Patients typically associate high cholesterol levels with conditions that affect the heart like cardiovascular disease. However, high cholesterol levels can also have a negative impact on the health of the brain.
High cholesterol levels can give rise to any problem in the body that is aggravated or caused by poor circulation. Poor circulation in the brain can cause blockages in the blood vessels in the brain or detract from the body's ability to circulate blood adequately in the brain. This situation can aggravate or cause the following three neurological conditions:
While a variety of factors can cause a patient to suffer a stroke, high cholesterol is a particularly dangerous risk factor. Stroke is a highly common and potentially fatal neurological episode that strikes approximately 795,000 each year.
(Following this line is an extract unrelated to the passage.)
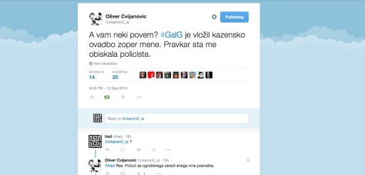 A vam neki povem? #GalG je vložil kazensko ovadbo zoper mene. Pravkar sta me obiskala policista.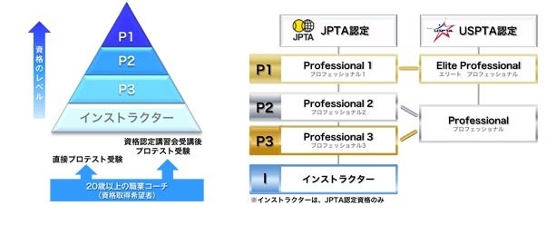 プロテストの結果後は、成績に応じて【JPTA認定プロフェッショナル1~3、インストラクター】の計4段階のライセンスに分類されます。【JPTA認定プロフェッショナル3】以上に合格された場合は、【USPTA(米国プロテニス協会)認定プロフェッショナル】ライセンスが同時に取得出来ます。

Those with a family history of stroke should periodically have their cholesterol levels checked to determine if they are at risk. When you're having your cholesterol checked, it's important to note that LDL cholesterol levels are the ones that are important to look out for.
LDL or "low-density lipoprotein" cholesterol can clog the arteries and block the blood stream. If blood becomes blocked in the brain, parts of the brain will not receive adequate blood and therefore oxygen. This could cause irreparable brain damage and permanently detract from brain functioning.
Numerous studies have explored the link between cholesterol in the brain and the onset of dementia. Evidence of these studies that a high cholesterol level is especially risky for patients that have had excess cholesterol in the brain since as far back as mid-life. These patients may experience dementia because parts of their brain have been suffering from an inadequate oxygen supply for decades.
Patients with high cholesterol who also exhibit other risk factors for dementia like high blood pressure are sometimes prescribed statins to diminish their risk. Statins are drugs that help to lower the levels of both cholesterol and triglycerides in a patient's blood.
Alzheimer's disease is a form of dementia, and as such it is more likely to be seen in patients with high cholesterol. Alzheimer's is like dementia, but it is considered even more severe because it is not reversible or curable once it develops in a patient.
It is generally thought that Alzheimer's disease is highly related to genetics, with cases typically running in families. Other risk factors include depression, traumatic head injuries, and hypertension.
Those with risk factors like a family history of Alzheimer's and high cholesterol can take statins to prevent the onset of the condition. They should also engage in preventive health measures like regularly exercising and keeping their minds active as they age to keep their memories sharp.